第3話 出資者の意向
帝都の尖塔の頂点を飾る、金に塗られた三日月の彫刻が地平の彼方に消えたころ――アスラン皇子は行軍の停止を命じた。親衛隊も傭兵もさすがに手際よく、夜の帳が完全に下りる前に、平原にはいくつもの天幕が立ち並び、炊事の煙が星空を翳らせることになった。
中でも特に大きい天幕が、アスラン皇子の寝所にして謁見の間だった。
戦場にあっては主君と臣下は食事を共にして絆を深めるのがカザール帝国の習い。元女奴隷のスィーラーンと異教徒にして異国人のバルトロも、それぞれ母后とイストリアの後ろ盾ゆえに、皇子と食卓を囲む光栄に与った。
「変装しての行軍は疲れただろう、スィーラーン。ここでは気兼ねせずに休むと良い」
「恐れ入ります、皇子殿下」
皇子が手ずから発酵乳を注いだ玉杯を受け取って、スィーラーンは控えめに微笑んだ。酸味とほのかな塩気は確かに疲れた身体に心地好く、食卓に並んだ炊き込み飯や羊の焼肉の味も申し分ない。

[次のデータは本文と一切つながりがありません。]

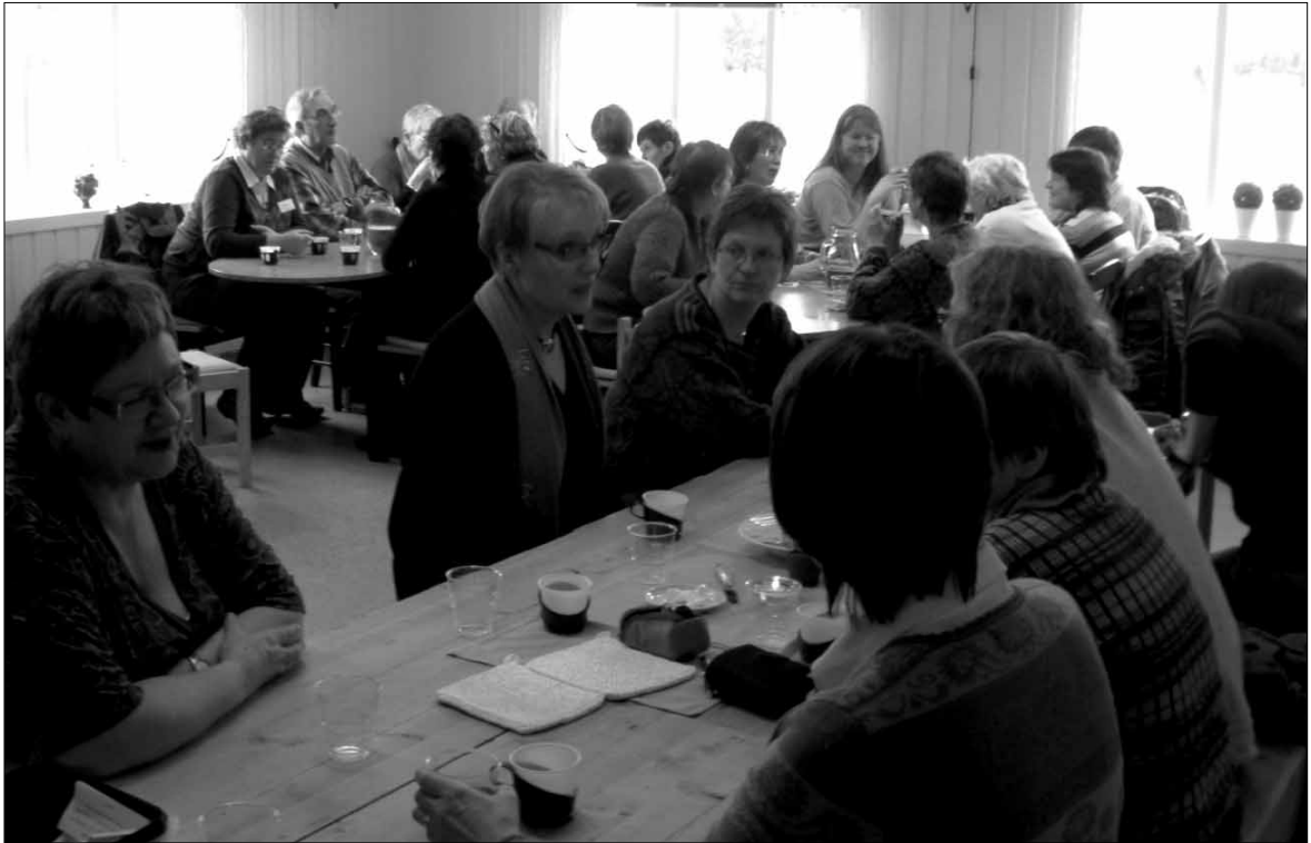
Deltakarane fekk god bevertning under vitjinga på Stadlandet.
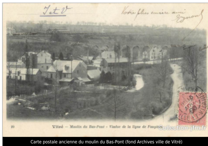
Carte postale ancienne du moulin du Bas-Pont

GÉOLOCALISATION Coordonnées WGS84 : X: -1.22193070 / Y: 48.12356100 Coordonnées RGF93 (Lambert 93) X: 386013.95 / Y: 6788750.63 Coordonnées RGF93 (ETRS89) : X: -1.2219307 / Y: 48.123561 Code Hydro: J---0060 Rive de référence: Gauche
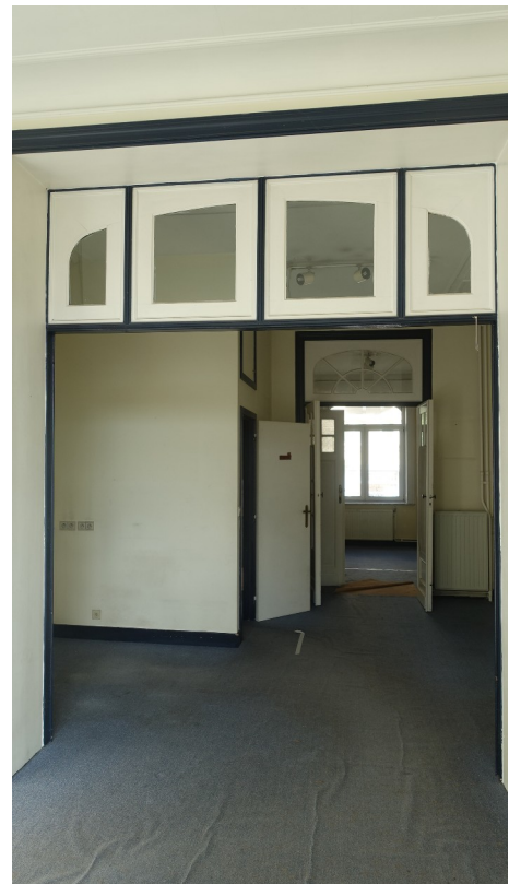
28. Cabinet kiné (exi, pièce centrale)

Relief de bas de mur : déposés en vue de leur réemploi ailleurs dans la maison
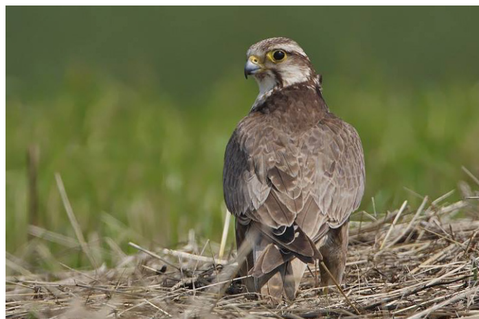
Halcón sacre ( Falco Cherrug )

Además, los delegados solicitaron diez hospitales para
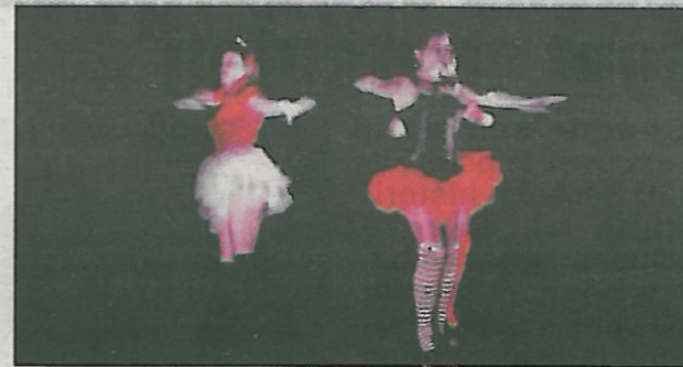
Le charme des « Lady Cops » au Téléthon de Longueville

Comme chaque année, l'association Ecole et Loisirs a activement participé au Téléthon le samedi 7 décembre. Une action qui lui a permis de rassembler 1011 €.

「元首の子息殿も。そなたたちとは人目を気にせず話をしたかったのだ」
けれど、蝋燭の灯りに不穏に煌めく琥珀色の目を前にして、言われた通りに気を緩めることなどできそうになかった。
「はい。私のほうでも、祖国イストリアの意向を伝える機会を待ち望んでおりました」
バルトロの表情が硬いのも、足を組んで床に座る帝国式の食卓に慣れないからだけではないだろう。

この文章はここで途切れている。